LA
ARGENTINA QUE VI (29)
Una
línea alada cruza el mar, sin que el azul grisáceo, plúmbeo, de la superficie acierte
a reflejar las figuras en vuelo.
Navegamos el canal de Beagle, a un lado Chile, Argentina en el opuesto, sobre
aguas que son encuentro de dos océanos, pasillo acuático que conduce del
Atlántico al Pacífico, o viceversa, y que se abre camino entre montañas siempre
encanecidas por la nieve y de evocadores nombres, como Monte Olivia (arpón, en lengua indígena), o Cinco Hermanos. Tras de nosotros, va quedando Ushuaia.
Peregrinamos de un islote a otro, porque son
muchos los que emergen en medio de la inmensidad. En el de Casco, nos confundimos de aves. La primera impresión es que la
colonizan pingüinos. Lucen una pechera blanca que casa más con esos palmípedos
que con los cormoranes de nuestras costas, que se visten totalmente de negro.

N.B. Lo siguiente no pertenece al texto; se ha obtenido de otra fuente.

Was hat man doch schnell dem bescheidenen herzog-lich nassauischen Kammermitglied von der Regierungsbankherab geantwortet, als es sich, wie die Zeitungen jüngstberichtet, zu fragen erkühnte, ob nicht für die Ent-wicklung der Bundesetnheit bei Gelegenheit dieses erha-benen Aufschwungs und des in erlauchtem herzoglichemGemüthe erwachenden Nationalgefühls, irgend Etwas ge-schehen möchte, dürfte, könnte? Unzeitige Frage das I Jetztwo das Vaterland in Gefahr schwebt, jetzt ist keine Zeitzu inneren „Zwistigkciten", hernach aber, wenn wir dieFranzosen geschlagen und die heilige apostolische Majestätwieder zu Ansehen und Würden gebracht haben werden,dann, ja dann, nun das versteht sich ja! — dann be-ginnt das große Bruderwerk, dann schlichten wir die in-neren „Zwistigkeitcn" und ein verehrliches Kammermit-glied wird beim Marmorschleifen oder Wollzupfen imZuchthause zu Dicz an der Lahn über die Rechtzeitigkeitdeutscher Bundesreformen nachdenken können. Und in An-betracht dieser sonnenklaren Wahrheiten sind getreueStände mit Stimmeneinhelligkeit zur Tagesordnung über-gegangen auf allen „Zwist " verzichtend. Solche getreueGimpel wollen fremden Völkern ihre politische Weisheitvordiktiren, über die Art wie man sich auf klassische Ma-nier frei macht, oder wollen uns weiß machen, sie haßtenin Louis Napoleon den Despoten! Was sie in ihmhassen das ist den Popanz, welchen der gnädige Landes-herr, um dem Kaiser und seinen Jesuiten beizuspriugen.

Pero es que éstos que ahora vemos son imperiales.
Se diría que no cabe un ejemplar más sobre el roquedo estrecho y alargado. En
la zona más elevada, un cauquén común
mira con displicencia a la muchedumbre que se arracima bajo sus pies.
Aquí cazaban los indios yamanes, antes de que la llegada de los europeos los llevara a la
extinción. Los lobos o leones marinos ya habrán olvidado el peligro que
suponían para ellos sus incursiones y no los alarma la proximidad de nuestra
embarcación. Tan gregarios como los cormoranes
imperiales, juntan piel con piel en la isla Alicia o en las del archipiélago Los Iluminadores. La mayoría, bebés incluidos, sestea; a veces
perturban su modorra las querellas de las gaviotas. Una hembra muestra cierto
interés por la pelea entre dos de esas aves y sigue la disputa sin moverse del
sitio que ocupa. Cerca, en medio de la multitud, vocifera un macho que la dobla
en tamaño. A ojo de buen cubero, calculo que ese corpachón de apariencia
gelatinosa no debe de pesar menos de 350 kilos.

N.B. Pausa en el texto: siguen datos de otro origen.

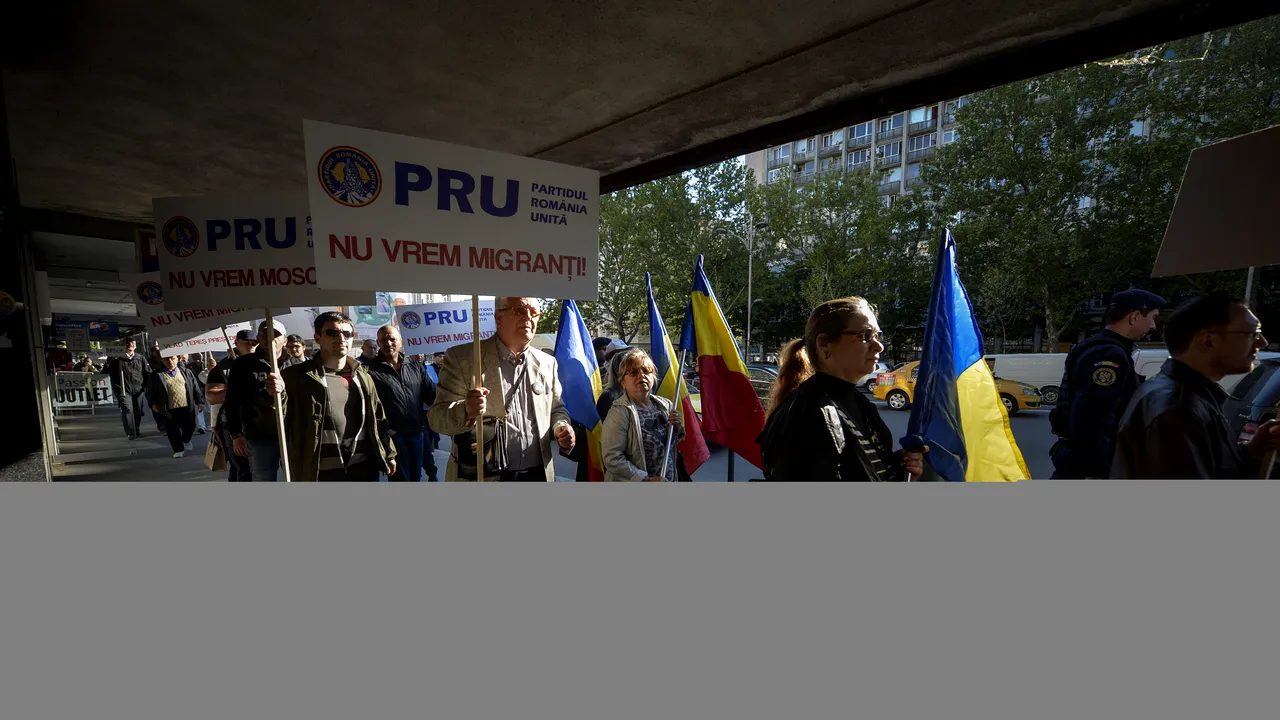 Peste 50 de persoane, membri și simpatizanți ai Partidului România Unită, au plecat în marș de protest pe străzile dintre Piața Universității și Piața Romană din Capitală, exprimându-și astfel nemulțumirea față de intenția construirii unei moschei în București.

Sé que se alimentan de peces, mariscos, calamares… Qué riqueza submarina
no ha de haber en estos confines de la Tierra, para dar vida a tanto predador
como encontramos en nuestra singladura.
Los habitantes de la isla Lucas son cormoranes roqueros. Podrían presumir de las órbitas rojas de sus
ojos, que combinan muy estéticamente con la negrura del cuello. Anidan en su
cantil, más seguros que cuando los primitivos pobladores de estas costas
saqueaban su puesta o sus polluelos, descolgándose en la noche con teas desde
lo alto del paredón.
En otra isleta donde también son moradores,
creo ver un curioso individuo albino, que contrasta vivamente con la negrura de
sus vecinos. Pero se trata de un caranca.
Curiosamente, lo que me saca de dudas con respecto a su identidad es su pareja,
de color oscuro, que dibuja estrías en el vientre.
Dos horas y media después de haber zarpado,
retornamos a Ushuaia, que, vista desde el mar, se nos aparece a modo de
gigantesco anfiteatro, cuyas gradas escalan la montaña que le guarda las
espaldas.
A algún viajero hay que despertarlo al
llegar a puerto. Se ha perdido un sueño que muy probablemente no volverá a
soñar…
No os habéis privado de nada. Ni siquiera de navegar el canal de Beagle. Solo de pensarlo me muero de frío.
ResponderEliminarVas a terminar hecho todo un ornitólogo. Me encanta encontrarme con eso pájaros, alguno de los cuales conozco de cuando estudiaba, otros solo me suenan y muchos me son totalmente desconocidos. Me gusta mucho cómo los describes. No creo que nunca sospecharan llegar a ser protagonistas de descripciones tan poéticas.
Un beso.
Es fácil hacer poesía de lo que por sí es poético, Rosa.